Studies show that drinking two of these sugar bombs a day doubles your risk of diabetes (15). Thinking of switching to diet? The same study found that drinking diet soda didn’t make a difference in risk levels. The artificial sweeteners in diet soda products are just as bad for you in the long run (13 ).
It is important to note that the correlation with diet soda and diabetes is not the same as causation (16). Switching to diet soda is a great way to reduce your sugar intake while you work to quit your soft drink habit. It is NOT a pass for you to increase your sugar intake through other sweet products – which is what researchers found most people were doing.
If you cant give up soda right away, then switch to diet in the short term ONLY. Drink naturally flavored carbonated beverages (think La Croix) or add a squeeze of lemon juice or FDA-approved essential oils to your water. Better yet:
5. Commercial Fruit Juice
In its whole form, fruit still contains sugar – but it also contains fiber (19). Fiber lowers your body’s glycemic response by slowing digestion, as well as keeping you full. Juicing removes the fiber, leaving you with nicely-flavored sugar water. Commercial fruit juices take this one step further and actually ADD sugar to make the juice sweeter! Subsequently, research studies now confirm that regular consumption of fruit juice increases your risk of type 2 diabetes (20).
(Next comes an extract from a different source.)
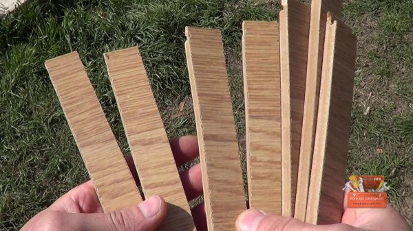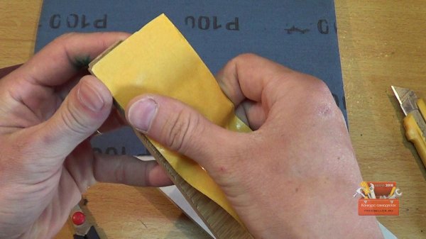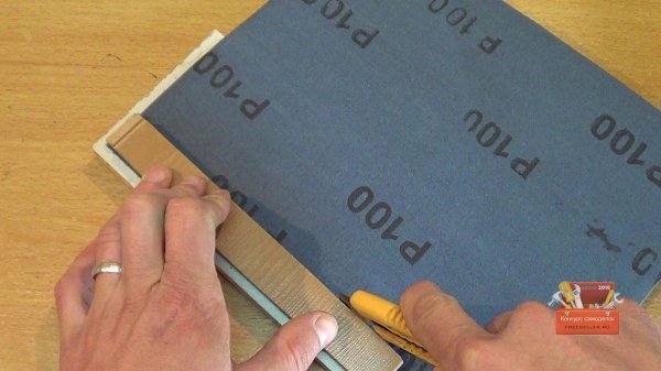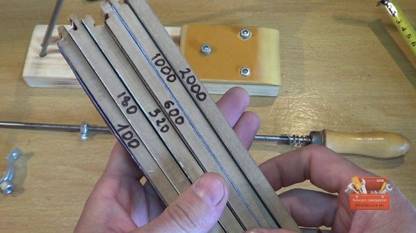 "Камни" были сделаны из обычного куска ламината. Расчертил на полоски шириной примерно 2-2,5 см и длинной в 20 см. Эти отрезки уже имеют выступы по краям, поэтому больше ничего вырезать не пришлось. Данный "камень" плотно зажимается в направляющей, но в то же время его легко снять и поставить новый. На полоски ламината наклеил двухсторонний скотч и на него наклеил наждачную бумагу, разной зернистости и каждый сбоку подписал. ![]()

Homemade fruit juice is just slightly better: the fiber is still gone, but there’s no added sugar (unless you add it yourself). The good news is that eating whole fruit is associated with a lower risk of diabetes. Whole fruit are loaded with micronutrients, antioxidants, and vitamins, in addition to the fiber (21 ).
If you’re not in the mood to munch on whole fruit, then give smoothies a go (22). You’ll keep the fiber, and there are endless, delicious combinations to come up with (23 ). To really keep your glycemic index low, add some more fiber to your smoothies with some flaxseed, chia seeds, or spinach.